Qu'en reste t-il alors aujourd'hui? Enfin libre de sortie cinquante ans plus tard sous condition
extrême que Wiseman rajoute en commentaire que depuis les conditions de vie ont changé dans ces établissements (un panneau volontairement moqueur, cynique, que le professeur plaça en fin de générique) Titicut follies demeure certes un reportage féroce qui en mettra plus d'un mal à l'aise mais l'impact de la dénonciation est bien évidemment moins fracassante qu'en 1967. Murs et portes se sont ouverts depuis, les révélations ont fusé amenuisant l'effet choc du film même si cela n'enlève rien à son inhumanité. En tant que shockumentary il y eut bien plus effroyable. Les plus endurcis risquent donc d'être déçus par un contenu souvent répétitif qui risque d'assez rapidement ennuyé d'autant plus que
Wiseman ne cherche pas à donner ni dans le sensationnel encore moins la complaisance. On est ici loin de la force morbide, de l'horreur presque sans limite des mondos italiens, de leur barbarie, de leur voyeurisme sexuel la plupart du temps gratuit. Seules quelques scènes ont cette aura macabre tant recherchée notamment celle où un patient est conduit à la morgue et surtout celle où un vieux malade malingre refusant de se nourrir est intubé, les aliments introduits de force dans son nez grâce à un tuyau. On retrouve ce même patient mort quelques temps plus tard les yeux bourrés de coton afin de le préparer pour son ultime voyage.

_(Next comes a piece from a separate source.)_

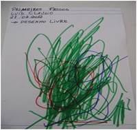 Com base em material videografado e registros de diário de campo, a pesquisadora selecionou as atividades de escrita e lanche como foco das ações interventivas. No primeiro caso, os resultados revelaram que João era tipicamente instruído a realizar atividades paralelas, não relacionadas ao desenvolvimento da escrita. Sua participação era restrita a desenhar espontaneamente. Nessas ocasiões era observado que, enquanto a turma realizava atividades variadas de escrita, a ele eram propostas tarefas de desenho livre, sem orientações ou objetivos definidos. Assim, permanecia em sua carteira realizando movimentos circulares na folha de papel, conforme observado na figura 1 a seguir.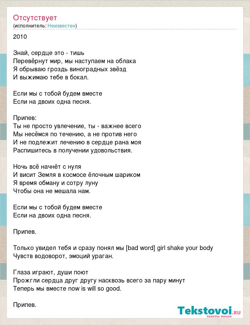 2010 Знай, сердце это - тишь Перевёрнут мир, мы наступаем на облака Я обрываю гроздь виноградных звёзд И выжимаю тебе в бокал. Если мы с тобой будем вместе Если на двоих одна песня. Припев: Ты не просто увлечение, ты - важнее всего Мы несёмся по течению, а не против него И не подлежит лечению в сердце рана моя Распишитесь в получении удовольствия. Ночь всё начнёт с нуля И висит Земля в космосе ёлочным шариком Я время обману и сотру луну Чтобы она не мешала нам. Если мы с тобой будем вместе Если на двоих одна песня. Припев. Только увидел тебя и сразу понял мы поладим Comon girl shake your body Чувств водоворот, эмоций ураган. Глаза играют, души поют Прожгли сердца друг другу насквозь всего за пару минут Теперь мы вместе now is will so good. Припев.

Titicut follies saura émouvoir et choquer les plus faibles, les âmes les plus sensibles, ceux que le sujet touche. Les autres n'y verront qu'un simple reportage vérité quelque peu ennuyeux guère plus révoltant que ceux qu'on peut voir sur certaines chaines télévisées et lui préféreront d'autres formes de mondos et shockumentary bien plus pervers et voyeurs. Titicut follies quelque soit le coté où on se place mérite cependant un visionnage ne serait ce qu'à titre informatif et pour son statut d'oeuvre culte sulfureuse.